-- Opening Marker --

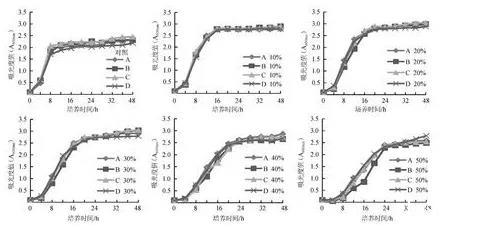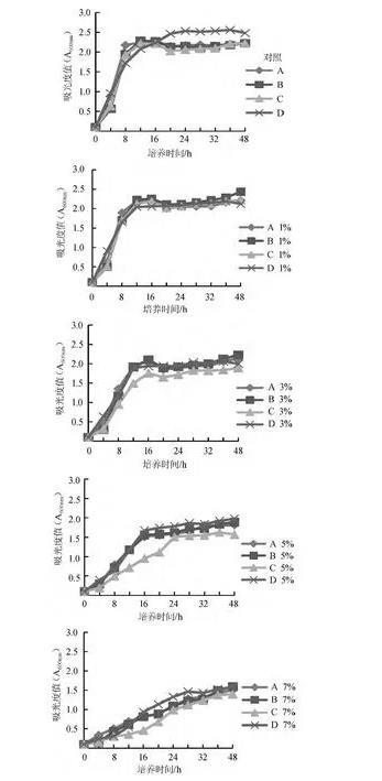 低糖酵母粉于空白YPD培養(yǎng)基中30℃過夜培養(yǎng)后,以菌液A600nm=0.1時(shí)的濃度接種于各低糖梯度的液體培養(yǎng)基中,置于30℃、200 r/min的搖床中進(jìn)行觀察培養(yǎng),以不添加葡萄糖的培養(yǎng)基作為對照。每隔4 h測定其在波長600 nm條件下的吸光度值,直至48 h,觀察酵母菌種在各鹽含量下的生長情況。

-- Closing Marker --
-- Opening Marker --

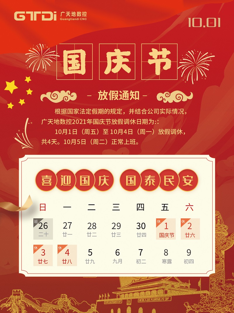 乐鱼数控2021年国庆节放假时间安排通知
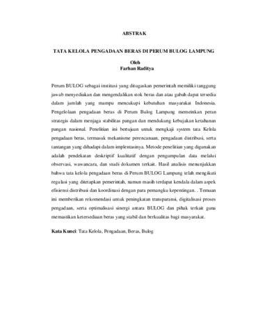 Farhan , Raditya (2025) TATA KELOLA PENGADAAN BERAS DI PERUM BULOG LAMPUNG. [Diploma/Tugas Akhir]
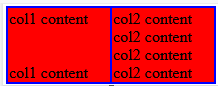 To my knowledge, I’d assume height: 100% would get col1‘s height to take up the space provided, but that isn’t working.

-- Closing Marker --

▸ **Work required**: Copy the entries above exactly, but only the stretch from the line containing "Farhan , Raditya" through the line containing "To my knowledge, I’d". Keep both end lines; drop the pictures.

▸ **Task result**:
 Farhan , Raditya (2025) TATA KELOLA PENGADAAN BERAS DI PERUM BULOG LAMPUNG. [Diploma/Tugas Akhir]
 To my knowledge, I’d assume height: 100% would get col1‘s height to take up the space provided, but that isn’t working.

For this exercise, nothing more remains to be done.